On Sat, May 19, 2018 at 12:29 AM Florian Bösch <pyalot@gmail.com> wrote:
On Sat, May 19, 2018 at 3:08 AM, Ken Russell <kbr@google.com> wrote:
EXT_disjoint_timer_query could not only be used to launch the GLitch attack, but act as a high-precision timer to carry out Spectre-like attacks

This isn't only true of a browser. How is this not a problem for all applications?

Spectre allows reading of all memory in a process's address space. In an app it's assumed that you already have access to the full address space, but this is not true in the browser, where usually a single process will contain data from multiple web domains.

Reducing the timers' precision was sufficient to mitigate the GLitch attack, and as it turns out, Chrome's implementation of EXT_disjoint_timer_query already returned sufficiently lower-precision results.

How much precision was reduced?

Chrome has always been returning microsecond resolution for these queries rather than nanosecond resolution. In discussion with the GLitch researchers, it seems likely that this reduction in precision is sufficient – and since no WebGL developer ever complained about low resolution of Chrome's timer queries, there's no need to make any changes to the precision.

However, Site Isolation is the long-term defense against Spectre, and it's close to being turned on in Chrome by default.
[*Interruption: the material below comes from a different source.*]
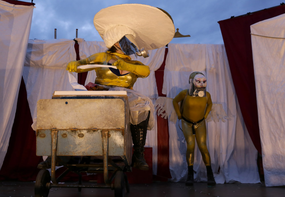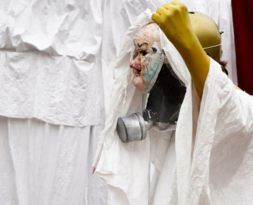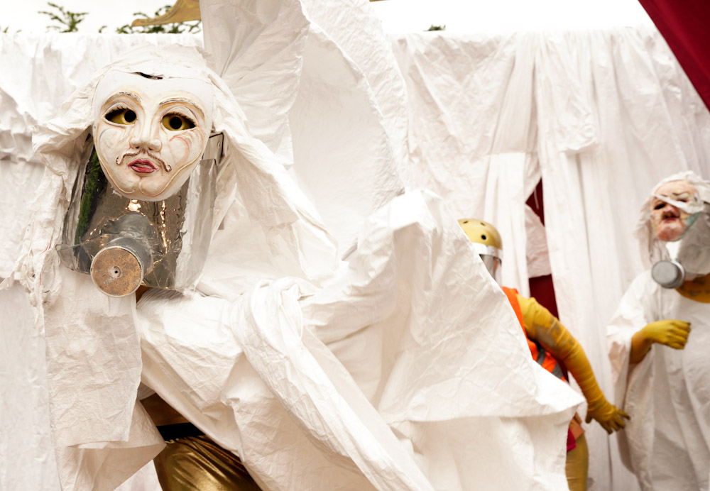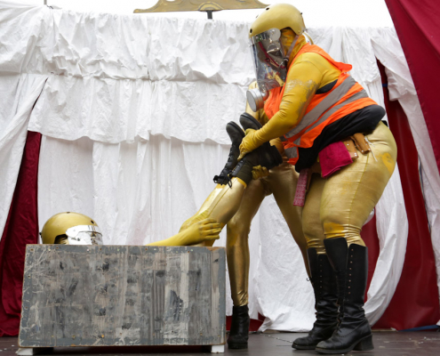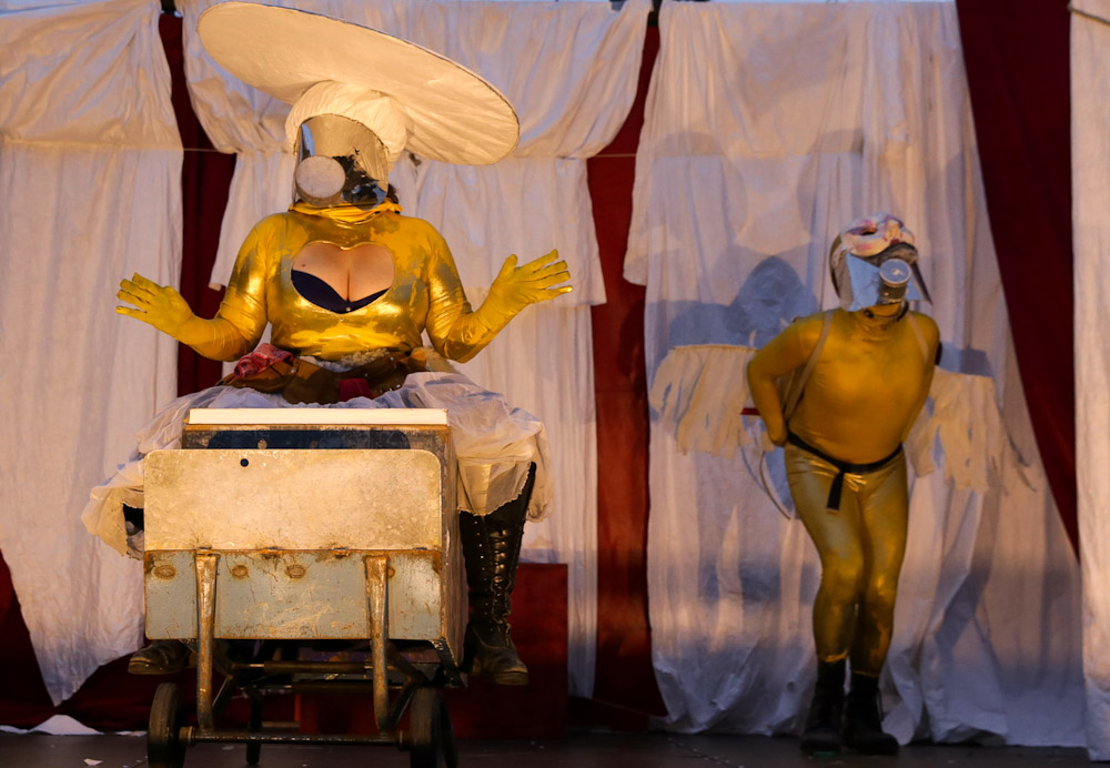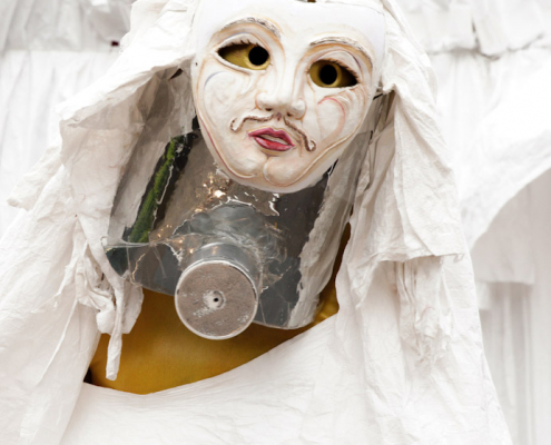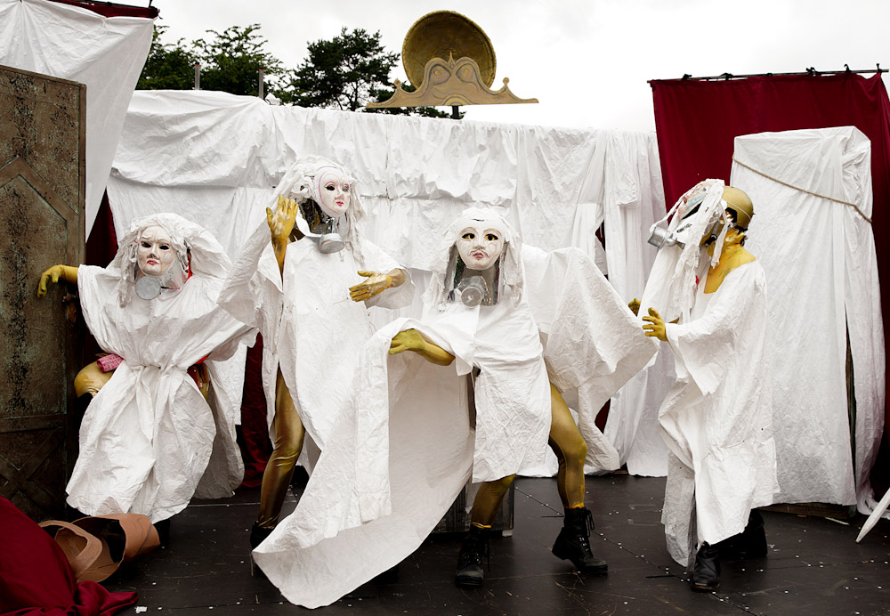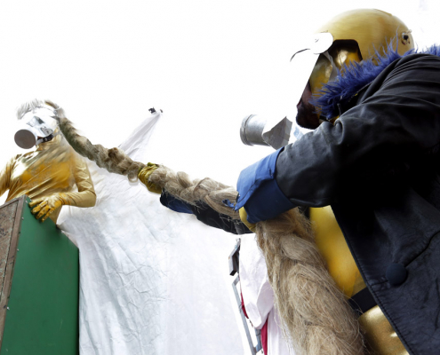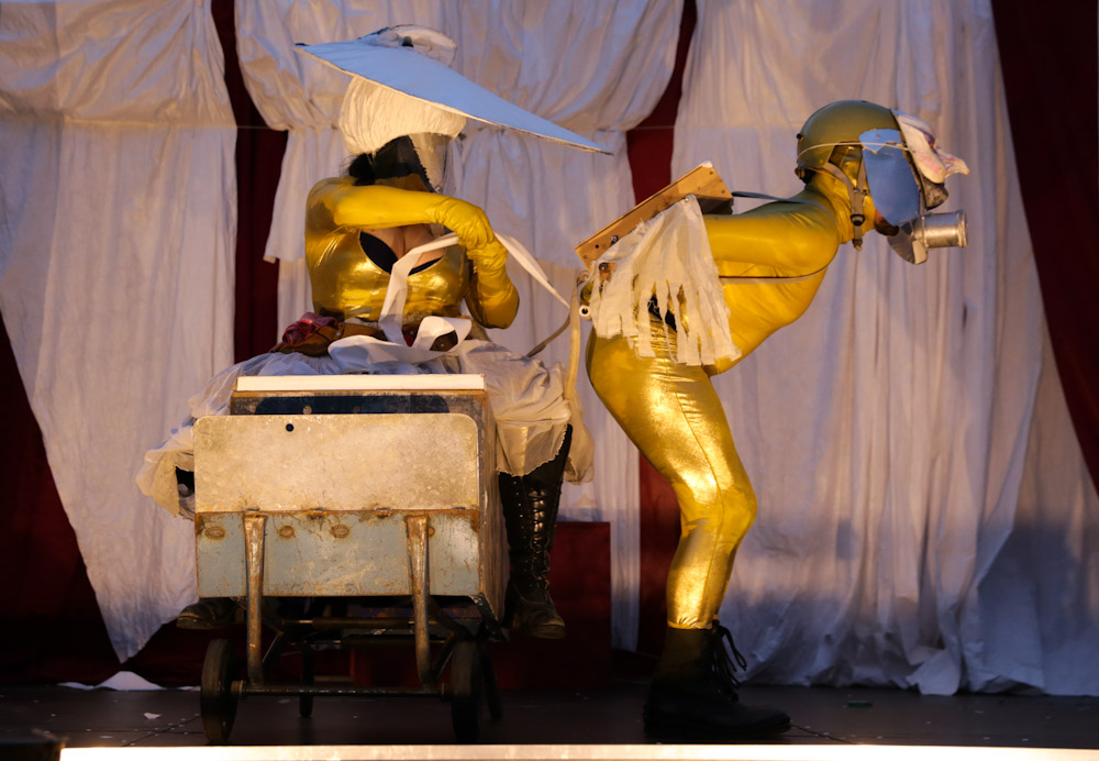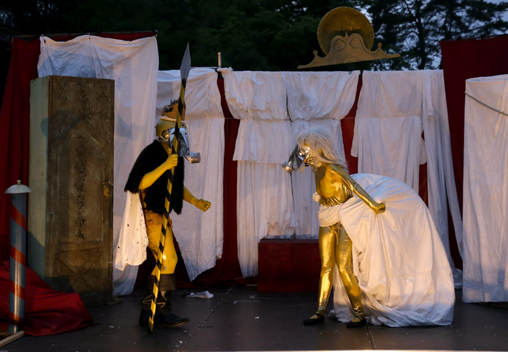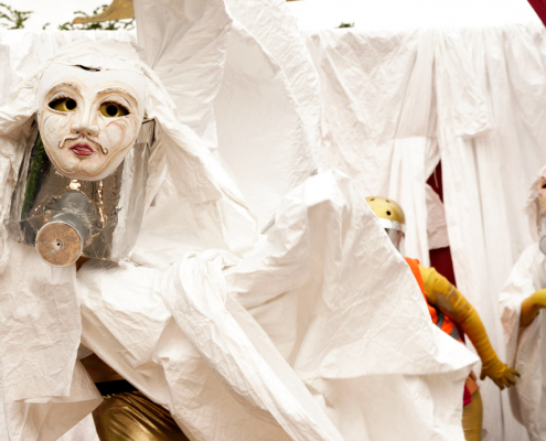 „…Florian Kaiser hat das Bühnengeschehen mit der aktuellen Pandemie verbunden und zugleich mit der Maskierung seiner Protagonisten die Pestmaskentradition der Commedia dell’Arte, gewissermaßen die DNA der Wanderbühne, aufgenommen…“

At that point, the EXT_disjoint_timer_query WebGL extension will be turned back on in Chrome.

This is gonna happen when?

I don't know exactly. Site Isolation is being rolled out now in Chrome. It's a large enough feature that if you watch the Chromium and Chrome blogs you'll definitely see the updates.
Other browsers have mitigations in progress for Spectre, and once those land, useful features like EXT_disjoint_timer_query and SharedArrayBuffer will be re-enabled in those browsers, too.

And this is gonna happen when? 

I don't know, but all browsers have a vested interest in turning SharedArrayBuffer back on, in particular.